RECORDS SUPPLIED:

§

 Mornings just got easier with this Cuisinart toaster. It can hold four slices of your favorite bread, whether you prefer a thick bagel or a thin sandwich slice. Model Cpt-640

§

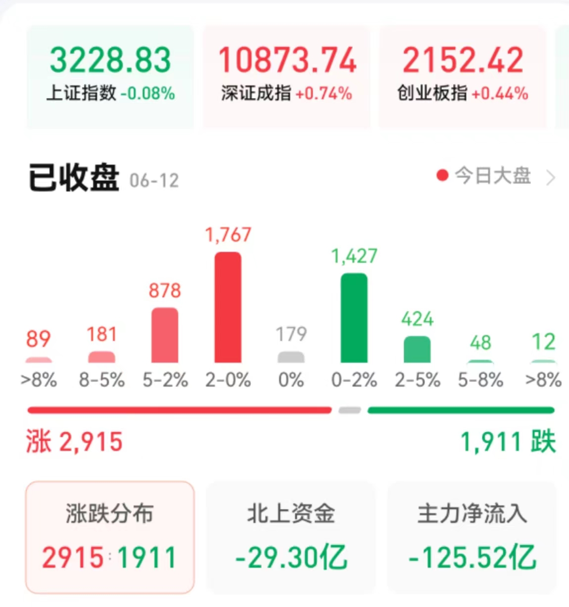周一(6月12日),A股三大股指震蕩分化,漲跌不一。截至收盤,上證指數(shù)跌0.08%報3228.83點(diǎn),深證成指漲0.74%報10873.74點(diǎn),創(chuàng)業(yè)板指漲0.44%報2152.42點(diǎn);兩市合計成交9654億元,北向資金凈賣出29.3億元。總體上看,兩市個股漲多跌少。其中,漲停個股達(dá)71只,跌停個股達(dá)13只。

§

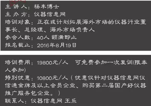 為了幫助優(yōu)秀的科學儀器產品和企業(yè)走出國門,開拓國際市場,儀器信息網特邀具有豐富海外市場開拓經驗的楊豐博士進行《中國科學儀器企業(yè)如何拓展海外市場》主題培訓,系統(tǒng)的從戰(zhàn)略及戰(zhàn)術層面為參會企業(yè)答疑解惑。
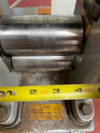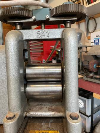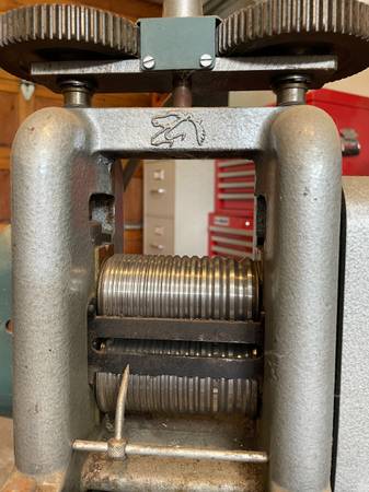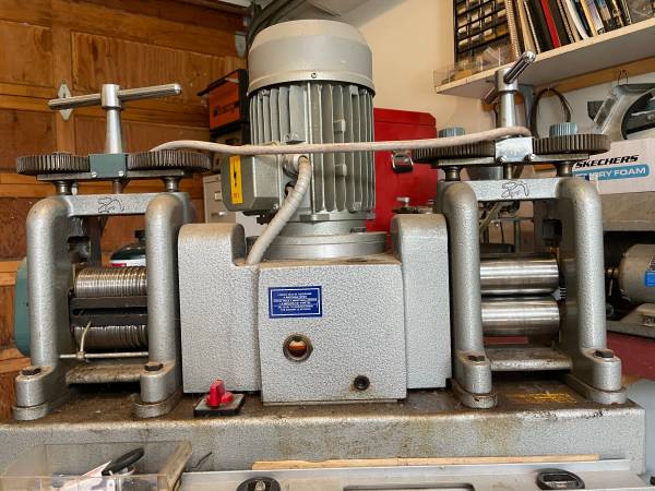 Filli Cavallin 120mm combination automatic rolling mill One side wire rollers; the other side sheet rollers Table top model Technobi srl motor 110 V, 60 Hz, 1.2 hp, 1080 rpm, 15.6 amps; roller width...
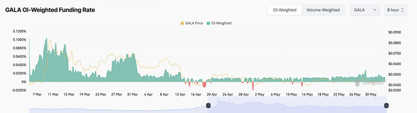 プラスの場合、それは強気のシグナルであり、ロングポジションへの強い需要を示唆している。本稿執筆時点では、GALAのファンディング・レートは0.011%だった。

§

AIM OF THE TASK: Above are the records; copy exactly the lines from the one with "Filli Cavallin 120mm" through the one with "プラスの場合、それは強気のシ", including both, and nothing more. Leave out pictures.

YOUR SOLUTION:
 Filli Cavallin 120mm combination automatic rolling mill One side wire rollers; the other side sheet rollers Table top model Technobi srl motor 110 V, 60 Hz, 1.2 hp, 1080 rpm, 15.6 amps; roller width...
 プラスの場合、それは強気のシグナルであり、ロングポジションへの強い需要を示唆している。本稿執筆時点では、GALAのファンディング・レートは0.011%だった。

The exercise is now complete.